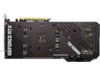 Undersidan av kortet avslöjar en mängd förbättringar. Det mesta av baksidan består av en skyddande metallplatta som framträdande har en bred ventilering. Ventilationen låter varm luft avledas mot chassits avgasfläktar istället för att återvinnas tillbaka till GPU-kylaren. Under GPU:n ger en konsol ett konstant monteringstryck mellan munstycket och värmespridaren. Rostfritt stål används för I/O-fästet för att skydda portarna och ge ett säkrare fäste. En bekvämt placerad Dual Bios-omkopplare möjliggör anpassning av kortets standardprestanda utan programvara.
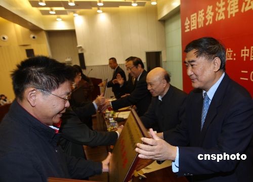 十一月十八日,全国侨务法律法规知识竞赛颁奖大会在北京举行,95人分获一、二、三等奖,40个单位获组织奖。由中国侨联等单位主办的全国侨务法律法规知识竞赛旨在贯彻落实中央“五五”普法规划,加强宪法学习宣传,普及侨务法律知识。中新社发 史利 摄
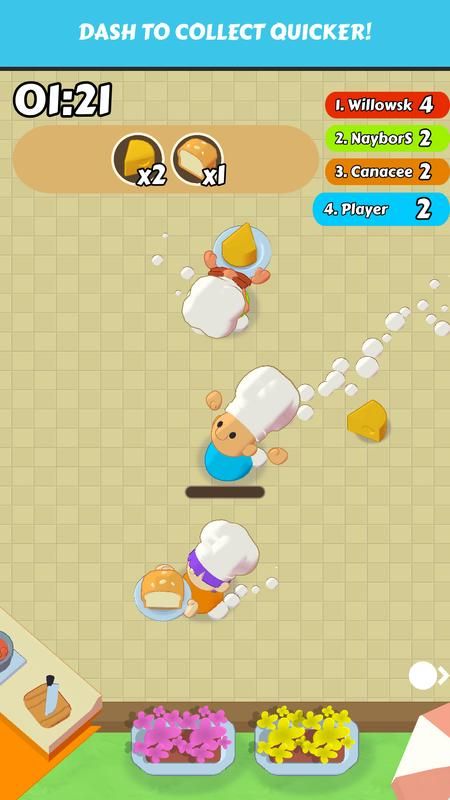 玩家需要作为厨师,用手中的盘子获取地图上出现的各种食材,及时递送给顾客,完成订单以获得分数,在时间结束前争夺最高分。
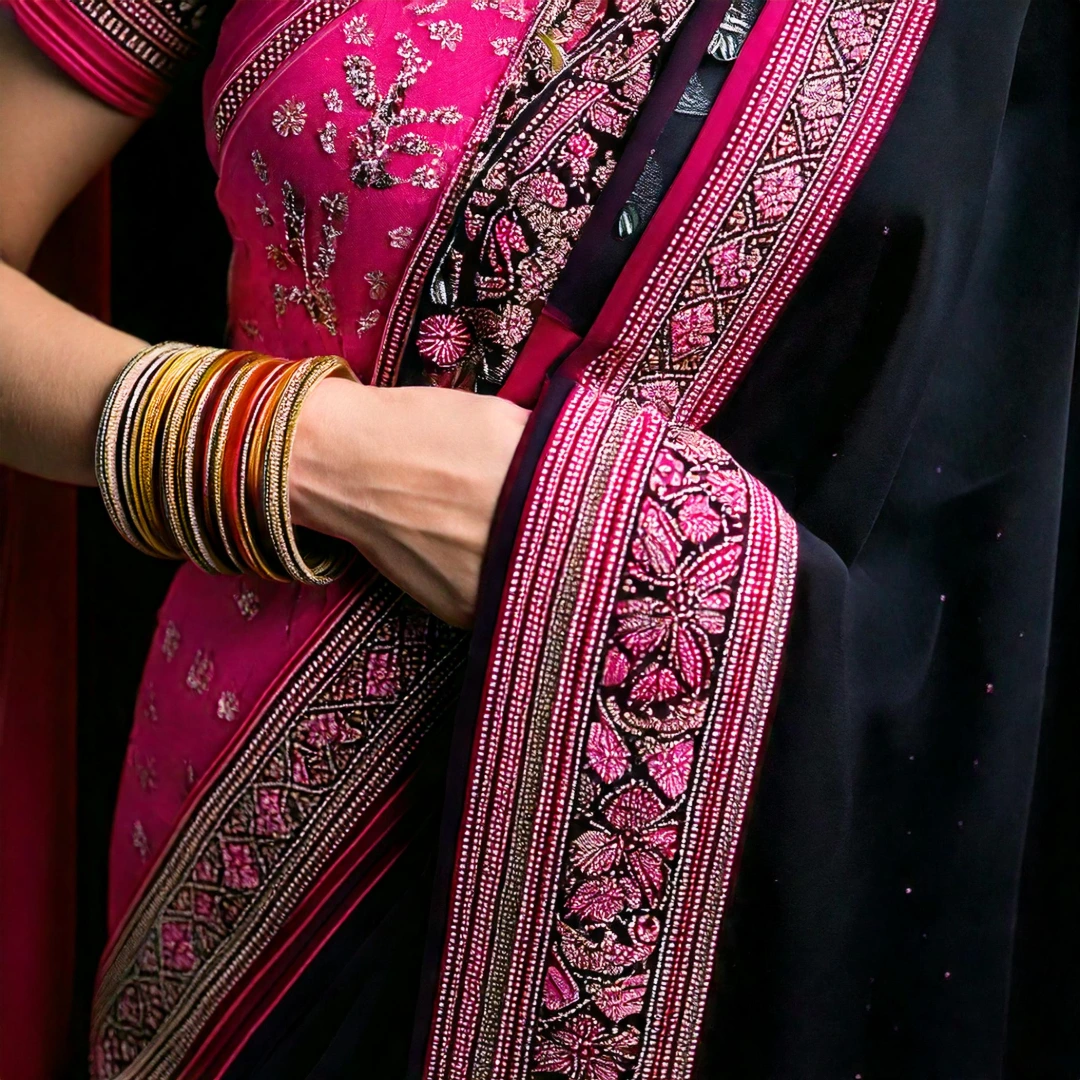 «Sari élégant mauve à motif noir» a été ajouté à votre panier.
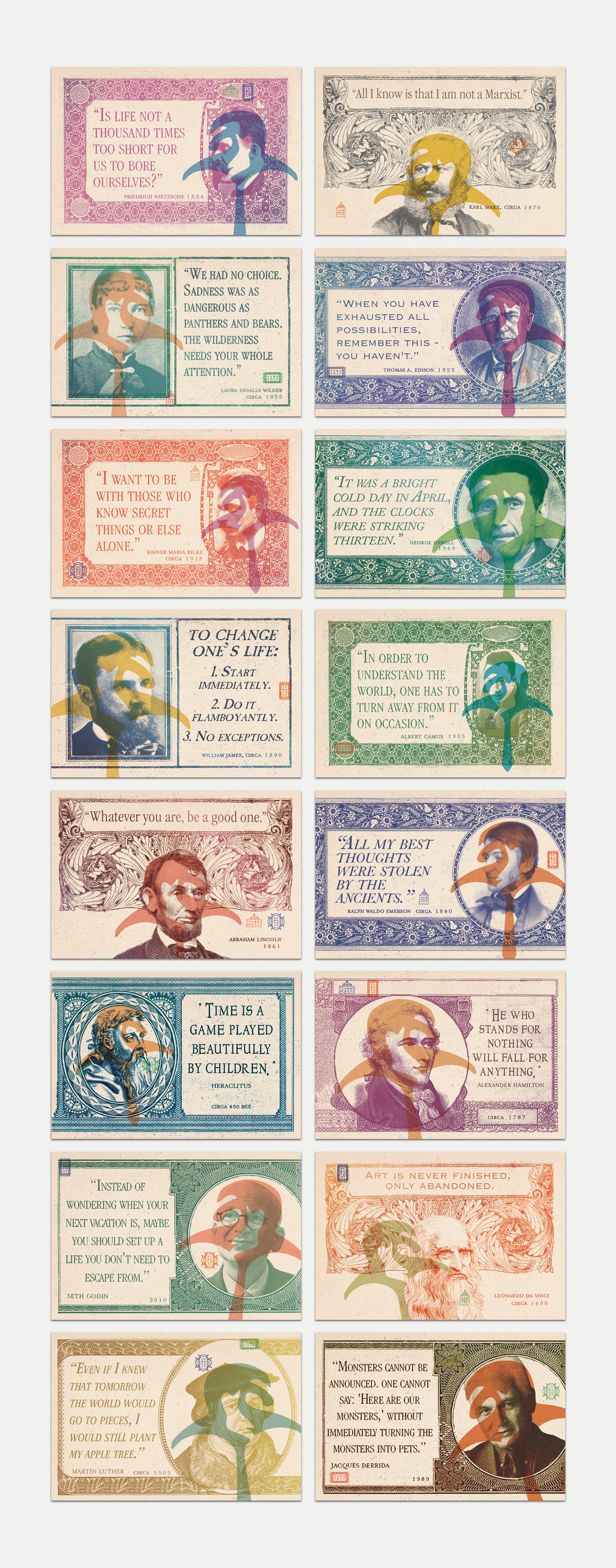 Client: Turncoat Wine Company Creative Direction: Josh McFadden Designed at Proof Wine Collective with Jesse Mireles. Promotional business and trading cards for the Studio of Turncoat featuring famous turncoat thinkers throughout history.
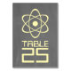 Cute and nerdy Atomic Chalkboard-Bordsnummer Card med en enkel atomiskt symbol i gult på en kritbordsbakgrund. Det här gäcket och roligt bord-kortet är perfekt för vetenskapsentusiastparet! Enkel att anpassa, lägg helt enkelt till rätt bordsnummer(er) på det utrymme som tillhandahålls. Klicka på Anpassa om du vill söka efter fler anpassningsalternativ.
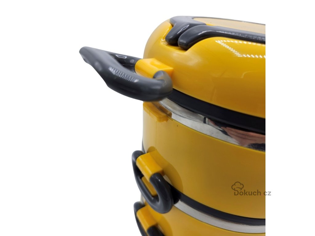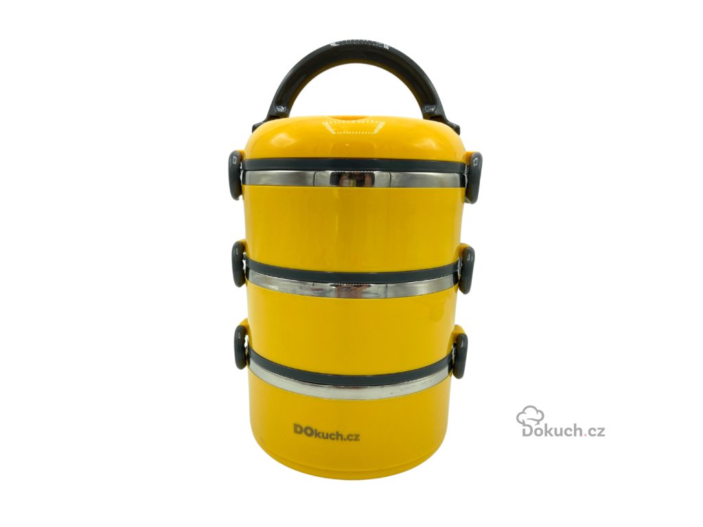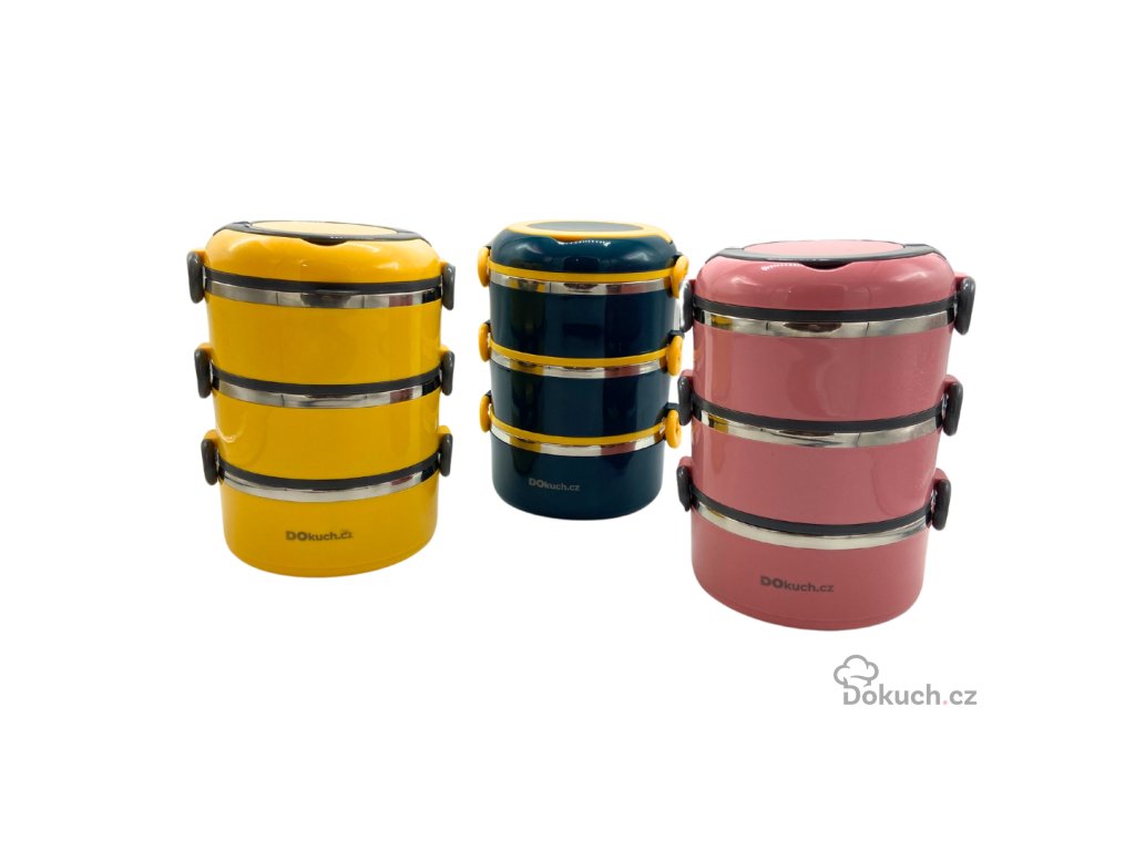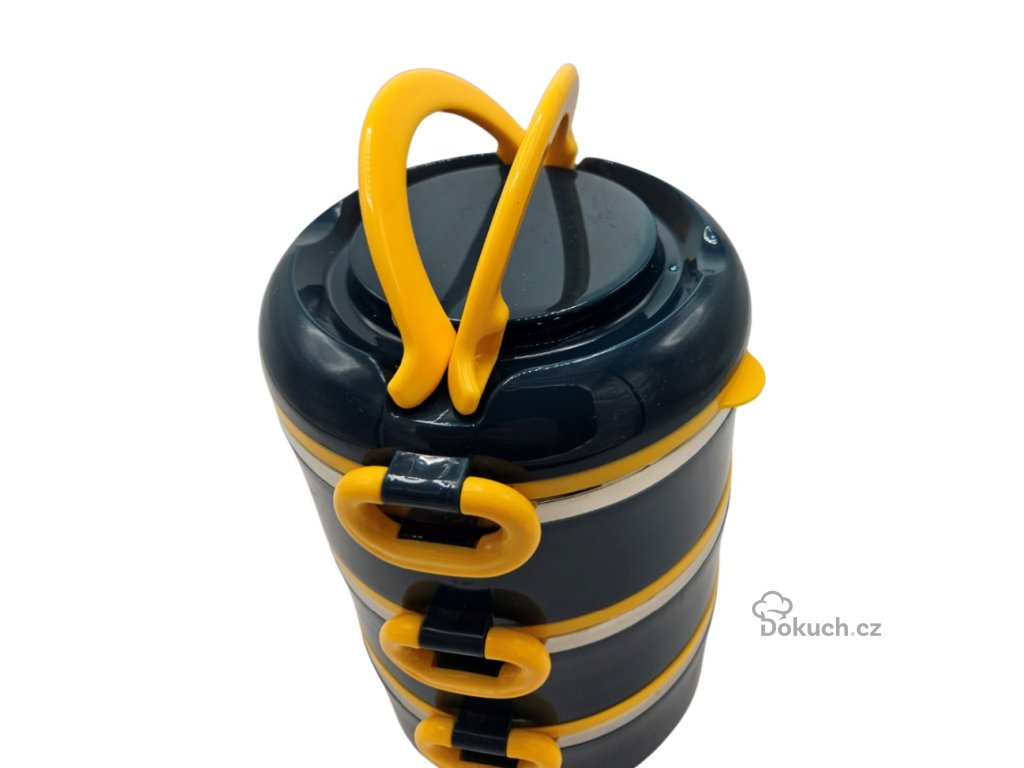 Tento jídlonosič se třemi samostatnými miskami od DOKUCH.CZ je praktickým řešením pro přenášení teplých obědů i večeří. Každá miska má vlastní víko se silikonovým těsněním a parním ventilkem, což je velká výhoda zejména při přenášení plných porcí.
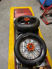Insieme cedo kit enduro, impianto frenante originale, vari pezzi originali e per tagliandi, cavalletto centrale e kit di attrezzi ktm.
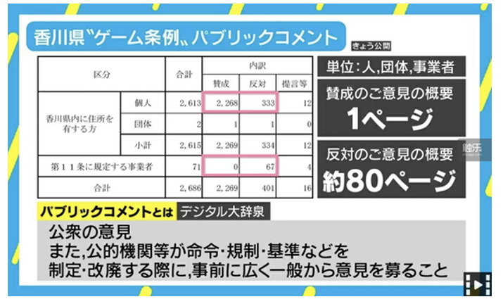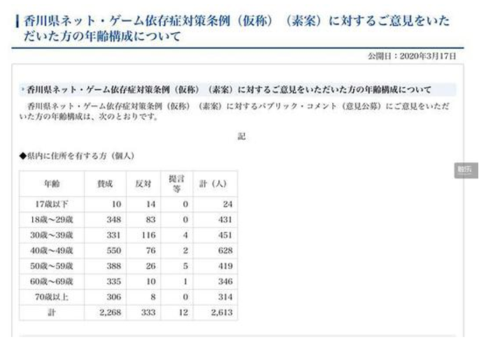 可想而知,在游戲大國日本,有關(guān)這項法案的消息一經(jīng)公布就引發(fā)了巨大爭議與激烈討論。但與人們想象中不同的是,外界爭議和討論對香川縣議會的決議并未產(chǎn)生太大影響。從1月10日提出草案,到3月18日正式通過,再到4月1日開始實施,《條例》在香川縣的推進迅速而流暢。

● Exercise brief:
Repeat the data exactly, dropping every picture it holds.

● Exercise output:
 Undersidan av kortet avslöjar en mängd förbättringar. Det mesta av baksidan består av en skyddande metallplatta som framträdande har en bred ventilering. Ventilationen låter varm luft avledas mot chassits avgasfläktar istället för att återvinnas tillbaka till GPU-kylaren. Under GPU:n ger en konsol ett konstant monteringstryck mellan munstycket och värmespridaren. Rostfritt stål används för I/O-fästet för att skydda portarna och ge ett säkrare fäste. En bekvämt placerad Dual Bios-omkopplare möjliggör anpassning av kortets standardprestanda utan programvara.
 十一月十八日,全国侨务法律法规知识竞赛颁奖大会在北京举行,95人分获一、二、三等奖,40个单位获组织奖。由中国侨联等单位主办的全国侨务法律法规知识竞赛旨在贯彻落实中央“五五”普法规划,加强宪法学习宣传,普及侨务法律知识。中新社发 史利 摄
 玩家需要作为厨师,用手中的盘子获取地图上出现的各种食材,及时递送给顾客,完成订单以获得分数,在时间结束前争夺最高分。
 «Sari élégant mauve à motif noir» a été ajouté à votre panier.
 Client: Turncoat Wine Company Creative Direction: Josh McFadden Designed at Proof Wine Collective with Jesse Mireles. Promotional business and trading cards for the Studio of Turncoat featuring famous turncoat thinkers throughout history.
 Cute and nerdy Atomic Chalkboard-Bordsnummer Card med en enkel atomiskt symbol i gult på en kritbordsbakgrund. Det här gäcket och roligt bord-kortet är perfekt för vetenskapsentusiastparet! Enkel att anpassa, lägg helt enkelt till rätt bordsnummer(er) på det utrymme som tillhandahålls. Klicka på Anpassa om du vill söka efter fler anpassningsalternativ.
 Tento jídlonosič se třemi samostatnými miskami od DOKUCH.CZ je praktickým řešením pro přenášení teplých obědů i večeří. Každá miska má vlastní víko se silikonovým těsněním a parním ventilkem, což je velká výhoda zejména při přenášení plných porcí.
Insieme cedo kit enduro, impianto frenante originale, vari pezzi originali e per tagliandi, cavalletto centrale e kit di attrezzi ktm.
 可想而知,在游戲大國日本,有關(guān)這項法案的消息一經(jīng)公布就引發(fā)了巨大爭議與激烈討論。但與人們想象中不同的是,外界爭議和討論對香川縣議會的決議并未產(chǎn)生太大影響。從1月10日提出草案,到3月18日正式通過,再到4月1日開始實施,《條例》在香川縣的推進迅速而流暢。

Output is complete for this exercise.